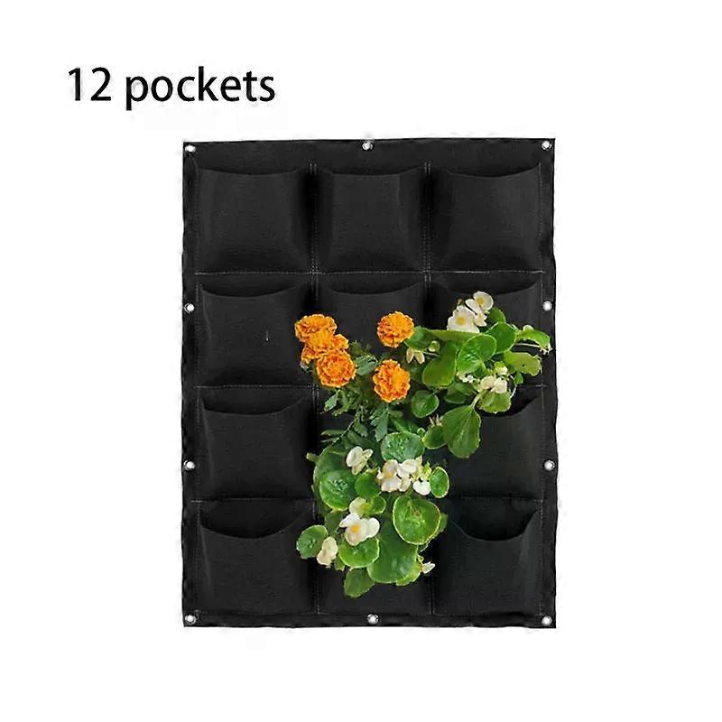 12 Pockets Vertical Planter Wall Hanging Planting Bags Black Pocket Garden DIY Decoration Accessories Balcony Pot for Flowers D1
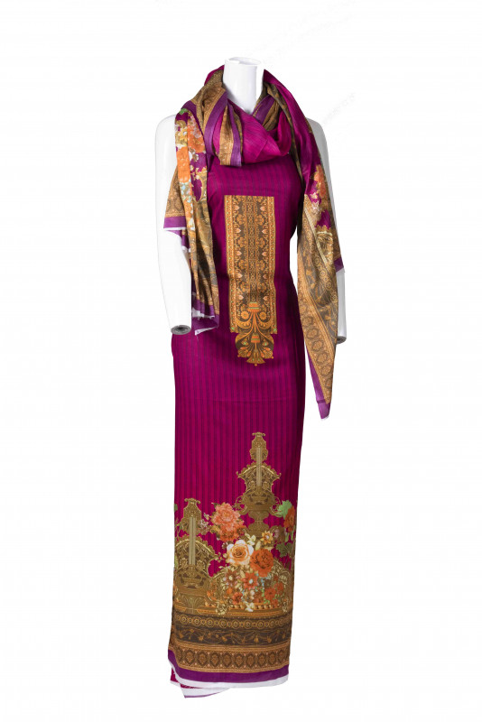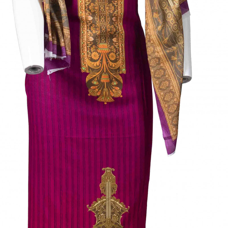 - Deep Pink printed kameez with Shalwar and Dupatta , Three Quarter sleeve , Deep Pink Salwar , Printed Dupatta .
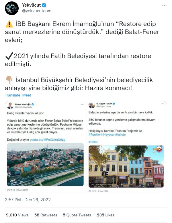 - Dolayısıyla, Haliç Sanat adıyla açılan Fener Evleri’nin daha önce Fatih Belediyesi tarafından restore edildiği iddiası doğru değil.
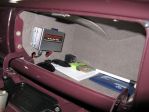 Chuck asked if I would post this, AM radio stations are nearly obsolete so most factory radios fill the dash space only. Many guys will hang a late model FM/CD unit under the dash, hide it in the glove box or maybe stick one under the seat. Well I came across another option that cost less than $100 including the speakers, will play your favorite tunes, will receive FM stations and the head unit is smaller than a flip top pack of smokes. In my case the head unit is mounted to the side of the glove box, no CD but songs are loaded onto an SD card and will hold 400+ songs, the control panel is 1" square. Not a high tech receiver but does the trick when space is limited.
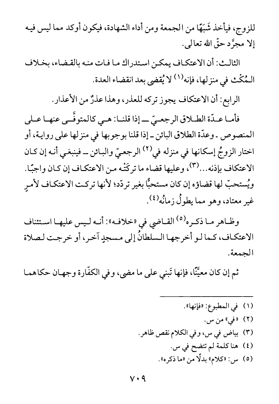 فأما عدّة الطلاق الرجعيّ ــ إذا قلنا: هي كالمتوفَّى عنها على المنصوص ـ وعدّة الطلاق البائن ــ إذا قلنا بوجوبها في منزلها على رواية، أو اختار الزوجُ إسكانها في منزله في (¬٢) الرجعيّ والبائن ــ فينبغي أنه إن كان الاعتكاف بإذنه ... (¬٣)، وعليها قضاء ما تركَتْه من الاعتكاف إن كان واجبًا. ويُستحبّ لها قضاؤه إن كان مستحبًّا بغير تردّد؛ لأنها تركت الاعتكاف لأمرٍ غير معتاد، وهو مما يطولُ زمانُه (¬٤).
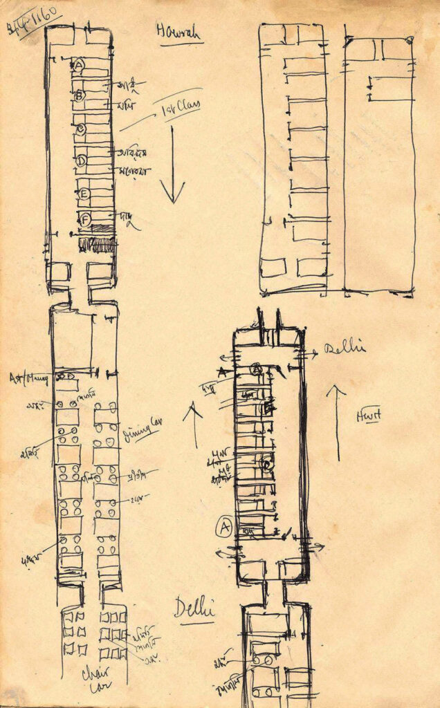 নায়ক — প্রবল বিখ্যাত এক মহানায়ক কলকাতা থেকে দিল্লি যাচ্ছেন একটা ট্রেনে। সেই যাত্রা, এবং তাঁর ও সহযাত্রীদের মধ্যে কথাবার্তা, প্রতিক্রিয়া— তা নিয়েই ছবি। সত্যজিৎ যেমন করেন, একেবারে ডিটেলে সেট-টার ছবি এঁকেছিলেন, আর চরিত্রগুলো কে কোথায় থাকবে— ফার্স্টক্লাস কুপ, চেয়ার কার, ডাইনিং কার-এ— একেবারে তাদের সিট নম্বর-সহ এঁকে রেখেছিলেন। এমনকী ট্রেনটার যাওয়ার ও ফেরার সময় বসার জায়গাগুলো কী হবে, তাও দেখিয়েছিলেন। এই স্কেচগুলোই অসামান্য শিল্পনির্দেশক বংশী চন্দ্রগুপ্তকে সাহায্য করেছিল একদম সত্যিকারের ট্রেনের মতো একটা সেট তৈরি করতে, সিনেমায় ধরাই যায় না যে এটা আসল ট্রেন নয়।
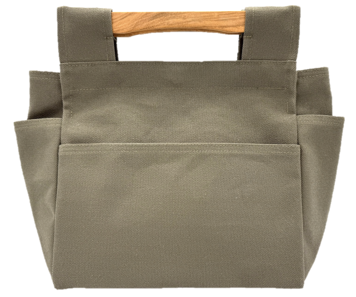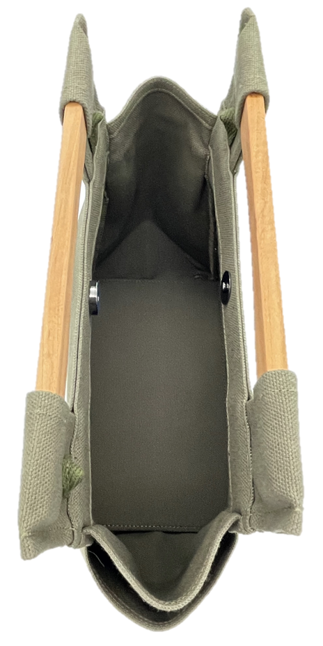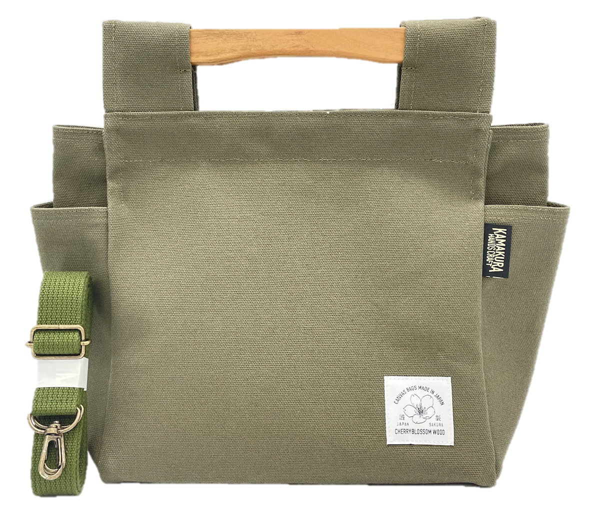 このバッグのハンドルは、香川県内で公共工事の際に伐採された天然林の山桜を使用しています。高級家具の製造から外れた木材をハンドルへと加工した新しいスタイルのアップサイクル商品です。
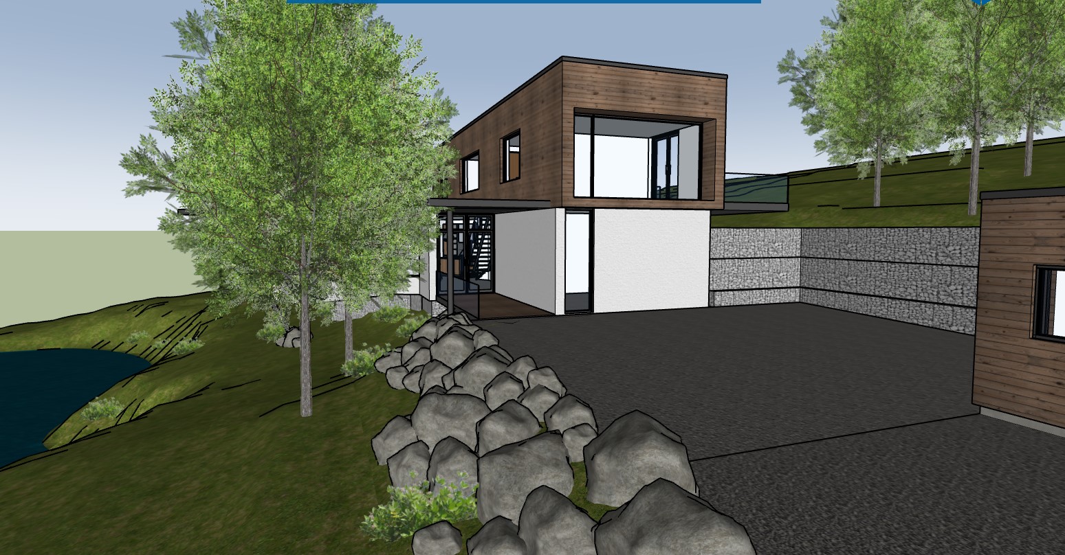light grey gravel drive crips white render lower walls and horizontal larch cladding upper walls
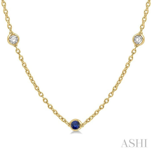 1/2 ctw Round Cut Diamond and 2.85MM Sapphire Precious Station Necklace in 14K Yellow Gold
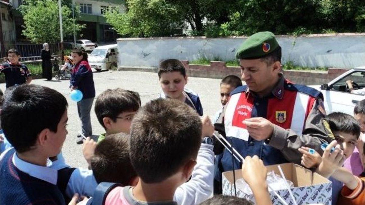 Bartın Jandarma Trafik ekipleri karne alan öğrencilere karne hediyesi olarak şapka ve balon dağıttı.
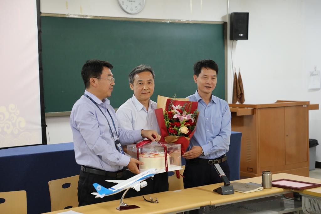 最后,樊智勇和侯健民分别为张教授送上鲜花和退休纪念品。
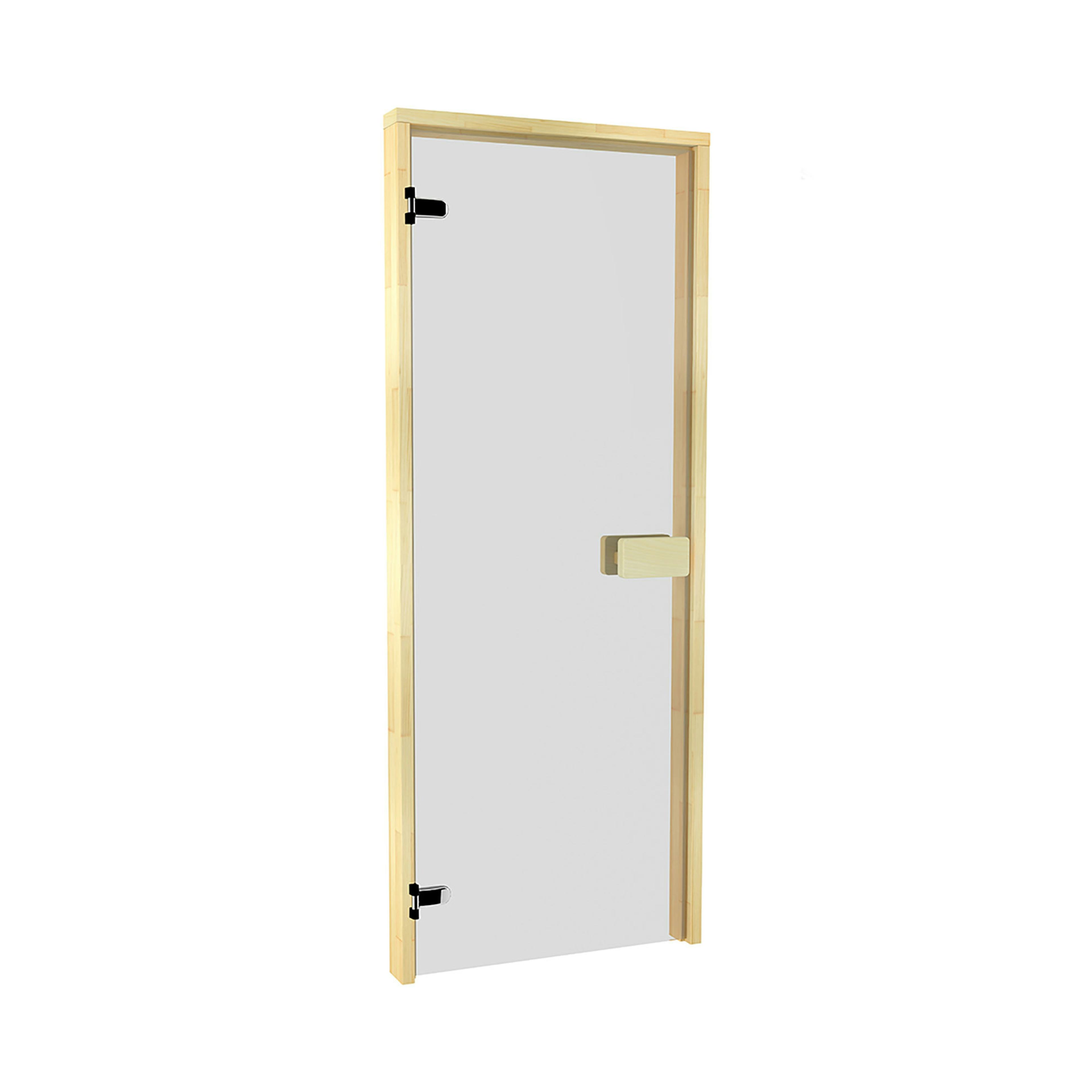 Denna glasdörr är speciellt utvecklad för bastur. Med dörren ingår monteringsfärdig 42x92 mm furukarm, silikontätning i karmen, säkerhetsglas, justerbara gångjärn, reglerbart rullås och ett stabilt rektangulärt handtag. Dörren är tillverkad i härdat glasvilket gör den nästintill okrossbar när den sitter på plats. Vid montering är glaset dock väldigt skört, då den lätt kan gå i tusen bitar om kanten på glaset stöter i hårt underlag, exempel golvet/vägg/tak.
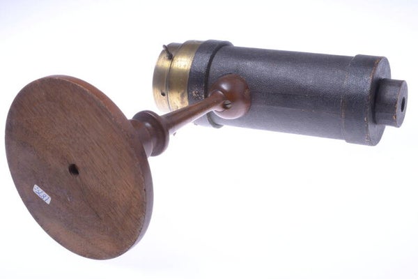 The kaleidoscope is overall in cosmetically and mechanically in good condition. Barrel shows some signs of prior use. Barrel shows few small dings, some tarnishing to the brass lacquer, minor scuff marks. The main barrel middle part is in very good condition. Front moves smoothly and view is pretty bright. All is original and it shows no repairs. Beautiful rare piece.

---

For the records above, output each one exactly and skip any image.

 12 Pockets Vertical Planter Wall Hanging Planting Bags Black Pocket Garden DIY Decoration Accessories Balcony Pot for Flowers D1
 - Deep Pink printed kameez with Shalwar and Dupatta , Three Quarter sleeve , Deep Pink Salwar , Printed Dupatta .
 - Dolayısıyla, Haliç Sanat adıyla açılan Fener Evleri’nin daha önce Fatih Belediyesi tarafından restore edildiği iddiası doğru değil.
 Chuck asked if I would post this, AM radio stations are nearly obsolete so most factory radios fill the dash space only. Many guys will hang a late model FM/CD unit under the dash, hide it in the glove box or maybe stick one under the seat. Well I came across another option that cost less than $100 including the speakers, will play your favorite tunes, will receive FM stations and the head unit is smaller than a flip top pack of smokes. In my case the head unit is mounted to the side of the glove box, no CD but songs are loaded onto an SD card and will hold 400+ songs, the control panel is 1" square. Not a high tech receiver but does the trick when space is limited.
 فأما عدّة الطلاق الرجعيّ ــ إذا قلنا: هي كالمتوفَّى عنها على المنصوص ـ وعدّة الطلاق البائن ــ إذا قلنا بوجوبها في منزلها على رواية، أو اختار الزوجُ إسكانها في منزله في (¬٢) الرجعيّ والبائن ــ فينبغي أنه إن كان الاعتكاف بإذنه ... (¬٣)، وعليها قضاء ما تركَتْه من الاعتكاف إن كان واجبًا. ويُستحبّ لها قضاؤه إن كان مستحبًّا بغير تردّد؛ لأنها تركت الاعتكاف لأمرٍ غير معتاد، وهو مما يطولُ زمانُه (¬٤).
 নায়ক — প্রবল বিখ্যাত এক মহানায়ক কলকাতা থেকে দিল্লি যাচ্ছেন একটা ট্রেনে। সেই যাত্রা, এবং তাঁর ও সহযাত্রীদের মধ্যে কথাবার্তা, প্রতিক্রিয়া— তা নিয়েই ছবি। সত্যজিৎ যেমন করেন, একেবারে ডিটেলে সেট-টার ছবি এঁকেছিলেন, আর চরিত্রগুলো কে কোথায় থাকবে— ফার্স্টক্লাস কুপ, চেয়ার কার, ডাইনিং কার-এ— একেবারে তাদের সিট নম্বর-সহ এঁকে রেখেছিলেন। এমনকী ট্রেনটার যাওয়ার ও ফেরার সময় বসার জায়গাগুলো কী হবে, তাও দেখিয়েছিলেন। এই স্কেচগুলোই অসামান্য শিল্পনির্দেশক বংশী চন্দ্রগুপ্তকে সাহায্য করেছিল একদম সত্যিকারের ট্রেনের মতো একটা সেট তৈরি করতে, সিনেমায় ধরাই যায় না যে এটা আসল ট্রেন নয়।
 このバッグのハンドルは、香川県内で公共工事の際に伐採された天然林の山桜を使用しています。高級家具の製造から外れた木材をハンドルへと加工した新しいスタイルのアップサイクル商品です。
light grey gravel drive crips white render lower walls and horizontal larch cladding upper walls
 1/2 ctw Round Cut Diamond and 2.85MM Sapphire Precious Station Necklace in 14K Yellow Gold
 Bartın Jandarma Trafik ekipleri karne alan öğrencilere karne hediyesi olarak şapka ve balon dağıttı.
 最后,樊智勇和侯健民分别为张教授送上鲜花和退休纪念品。
 Denna glasdörr är speciellt utvecklad för bastur. Med dörren ingår monteringsfärdig 42x92 mm furukarm, silikontätning i karmen, säkerhetsglas, justerbara gångjärn, reglerbart rullås och ett stabilt rektangulärt handtag. Dörren är tillverkad i härdat glasvilket gör den nästintill okrossbar när den sitter på plats. Vid montering är glaset dock väldigt skört, då den lätt kan gå i tusen bitar om kanten på glaset stöter i hårt underlag, exempel golvet/vägg/tak.
 The kaleidoscope is overall in cosmetically and mechanically in good condition. Barrel shows some signs of prior use. Barrel shows few small dings, some tarnishing to the brass lacquer, minor scuff marks. The main barrel middle part is in very good condition. Front moves smoothly and view is pretty bright. All is original and it shows no repairs. Beautiful rare piece.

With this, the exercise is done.